Donny Osmond chronology
| Too Young (1972) | My Best to You (1972) | Alone Together (1973) |

= My Best to You =

My Best to You is a compilation album by American singer Donny Osmond. It contains his hit songs from his first four albums: The Donny Osmond Album, To You with Love, Donny, Portrait of Donny, and Too Young.

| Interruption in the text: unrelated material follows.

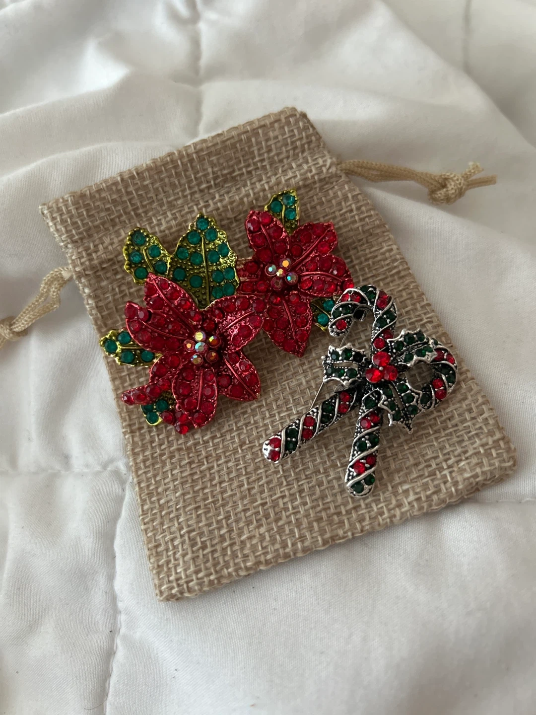 89Add some holiday sparkle with these adorable brooches! You'll get two festive designs: a red and green poinsettia and a candy cane. Perfect for pinning on your coat, scarf, or sweater to spread some Christmas cheer New and gorgeous Pick up 1 min away from king George Skytrain station or can mail if needed Please respect pricing God bless!

The album reached number 29 on the Billboard Top LPs chart on February 3, 1973. It was certified Gold by the RIAA on September 14, 1973.

==Track listing==

Side A
| No. | Title | Writer(s) | Length |
|---|---|---|---|
| 1. | "Sweet and Innocent" | Billy Sherrill, Rick Hall | 2:49 |
| 2. | "Go Away Little Girl" | Carole King, Gerry Goffin | 2:42 |
| 3. | "I'm Your Puppet" | Dan Penn, Spooner Oldham | 2:48 |
| 4. | "Hey Girl" | King, Goffin | 3:13 |
| 5. | "I Knew You When" | Joe South | 2:48 |

Side B
| No. | Title | Writer(s) | Length |
|---|---|---|---|
| 1. | "Puppy Love" | Paul Anka | 3:05 |
| 2. | "Too Young" | Sidney Lippman, Sylvia Dee | 2:58 |
| 3. | "Why" | Peter De Angelis, Bob Marcucci | 2:45 |
| 4. | "Lonely Boy" | Anka | 2:54 |
| 5. | "We Can Make It Together (Do You Want Me?)" | Alan Osmond, Merrill Osmond, Wayne Osmond | 2:40 |

==Certifications==

| Region | Certification | Certified units/sales |
| United States (RIAA) | Gold | 500,000^{^} |
^{^} Shipments figures based on certification alone.